Top 20 Counties with Highest Residuals (Over-performing)
County FIPS Cases Population Observed Rate Predicted Rate Residual
Liberty County, Florida 12077 8 7706 103.8 20.32 83.48
Edgecombe County, North Carolina 37065 45 48832 92.2 24.74 67.46
Dillon County, South Carolina 45033 21 27698 75.8 19.01 56.79
Hancock County, Georgia 13141 6 8676 69.2 14.26 54.94
Montgomery County, Alabama 01101 188 224980 83.6 28.87 54.73
Dale County, Alabama 01045 39 49871 78.2 25.54 52.66
Covington County, Alabama 01039 30 37952 79.0 26.38 52.62
Treutlen County, Georgia 13283 4 6341 63.1 15.92 47.18
Charlton County, Georgia 13049 8 12934 61.9 15.77 46.13
Bibb County, Georgia 13021 101 156512 64.5 19.40 45.10
Wilkinson County, Georgia 13319 5 8725 57.3 17.14 40.16
Marengo County, Alabama 01091 12 18684 64.2 24.09 40.11
Mobile County, Alabama 01097 227 411640 55.1 17.61 37.49
Crenshaw County, Alabama 01041 9 13101 68.7 31.26 37.44
Clarke County, Alabama 01025 13 22337 58.2 21.30 36.90
Dallas County, Alabama 01047 22 36165 60.8 24.07 36.73
Washington County, Florida 12133 15 25602 58.6 23.71 34.89
Toombs County, Georgia 13279 14 27040 51.8 18.64 33.16
Evans County, Georgia 13109 5 10754 46.5 13.97 32.53
Geneva County, Alabama 01061 17 26988 63.0 31.04 31.96

This table shows the top 20 counties with the lowest absolute difference between the observed and predicted case rates. This is a measure of how much the observed case rates deviate from the predicted case rates.
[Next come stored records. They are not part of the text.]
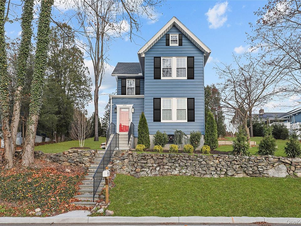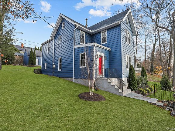 Step into a beautifully renovated home where modern sophistication and classic charm create an unforgettable first impression, enhanced by its striking blue exterior paired with timeless black shutters (install soon). A large foyer welcomes you in, setting the tone for the thoughtfully updated interior. The dining room is perfectly situated adjacent to the living room, creating an inviting, open flow ideal for everyday living and entertaining. The elegantly updated, generously sized kitchen features modern finishes, a gas stove, and French doors that open to the patio and beautifully landscaped yard. The second floor offers three bedrooms with a stylish updated full bathroom, enhanced by two additional double closets in the hallway and beautiful knotty pine flooring that adds warm rustic charm throughout. With the interior perfectly appointed, step outside to the elegant bluestone patio with lush landscaping—an ideal backdrop for entertaining or unwinding. The exterior also features a separate one-car garage with an adjacent barn, a long driveway for ample parking, and the unique benefit of frontage on two roads, providing additional convenience and versatility. A rare opportunity to own a truly turnkey property just moments from the train—an easy walk for commuters, offering unmatched convenience. Situated in sought-after Hawthorne, residents enjoy a warm community feel, excellent Mount Pleasant schools, easy Metro-North access, and close proximity to parks, dining, and major commuter routes—making it one of Westchester’s most desirable places to call home.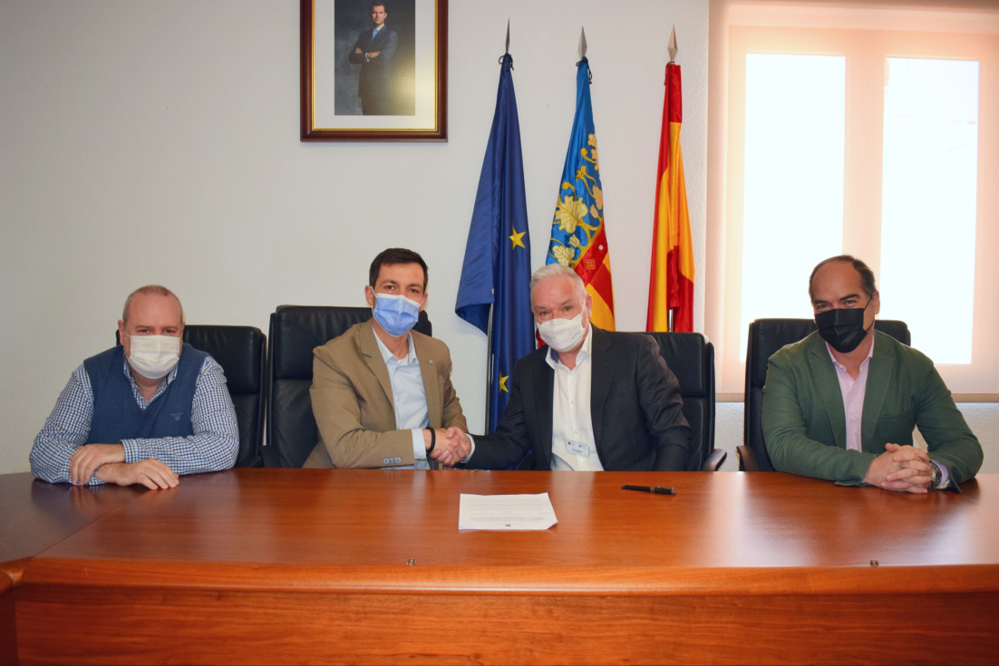 Este miércoles, el Ayuntamiento del Poble Nou de Benitatxell y Colegios Laude S.L.U, entidad propietaria del colegio Lady Elizabeth (LES) en el municipio, han firmado un convenio por el que el centro de educación secundaria se compromete a aportar 458.814 euros al consistorio para sufragar parte de la construcción de una rotonda en la intersección de la CV-740 con la entrada a la urbanización Cumbre del Sol. En la firma han estado presentes el alcalde, Miguel Ángel García, y Phillip Andrew Mitchell, de Colegios Laude S.L.U.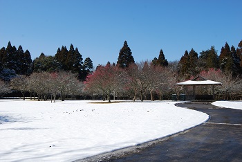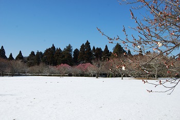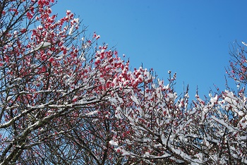 昭和の森も昨夜からの雪で開花した早咲きの紅梅、白梅に積雪があり梅林も銀世界となりました。前回は、白梅の開花も少ない状態でしたが早咲きの白梅の開花が進んできました。早咲きの紅梅も開花が進んでいます。遅咲きの紅梅、白梅はまだまだ蕾が固い状態です。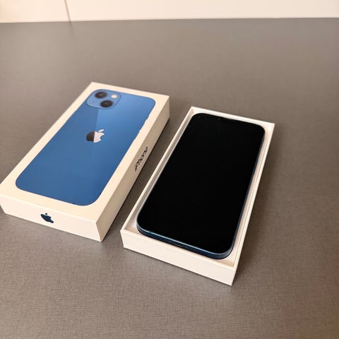 Apple iPhone 13 med 128 GB lagringskapasitet i blå farge. Telefonen har en kompakt størrelse og leveres med gjennomsiktig beskyttelsesdeksel og skjermbeskytter. Batterikapasiteten er på 90% maksimal ytelse.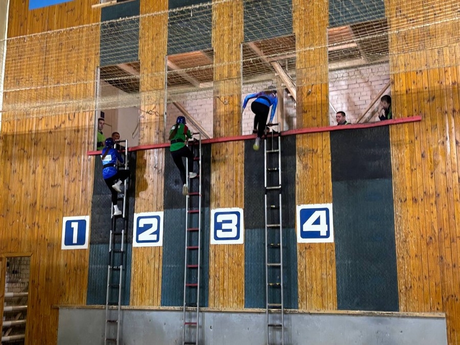 • 4 декабря спортсмены демонстрировали скорость и ловкость в первом этапе — подъеме по штурмовой лестнице в окно учебной башни.

A conunty may have more cases than expected based on the population due to under-reporting or successful prevention programs.

Top 20 Counties with Lowest Residuals (Under-performing)
County FIPS Cases Population Observed Rate Predicted Rate Residual
Perry County, Alabama 01105 0 7738 0.0 22.60 -22.60
Gulf County, Florida 12045 1 15693 6.4 28.67 -22.27
Johnson County, Georgia 13167 0 9282 0.0 22.19 -22.19
Washington County, Alabama 01129 1 15022 6.7 27.22 -20.52
Candler County, Georgia 13043 0 11059 0.0 20.30 -20.30
Okaloosa County, Florida 12091 23 218464 10.5 30.20 -19.70
Columbia County, Georgia 13073 7 165162 4.2 23.65 -19.45
Marlboro County, South Carolina 45069 1 25704 3.9 23.17 -19.27
Wheeler County, Georgia 13309 0 7081 0.0 18.80 -18.80
Glascock County, Georgia 13125 0 2954 0.0 18.46 -18.46
Beaufort County, South Carolina 45013 6 198979 3.0 21.43 -18.43
Thomas County, Georgia 13275 1 45649 2.2 20.49 -18.29
Chilton County, Alabama 01021 1 46431 2.2 20.21 -18.01
Nassau County, Florida 12089 6 101501 5.9 23.86 -17.96
Chattahoochee County, Georgia 13053 0 8661 0.0 17.84 -17.84
Elbert County, Georgia 13105 0 20013 0.0 17.70 -17.70
Harris County, Georgia 13145 0 36654 0.0 17.60 -17.60
Bullock County, Alabama 01011 1 9897 10.1 27.56 -17.46
Grady County, Georgia 13131 1 26066 3.8 21.19 -17.39
Clinch County, Georgia 13065 0 6746 0.0 17.36 -17.36

Ultimately, these kinds of spatial analysis can help us understand how geography plays a role in the spread of STIs and where resources or different strategies may be needed most.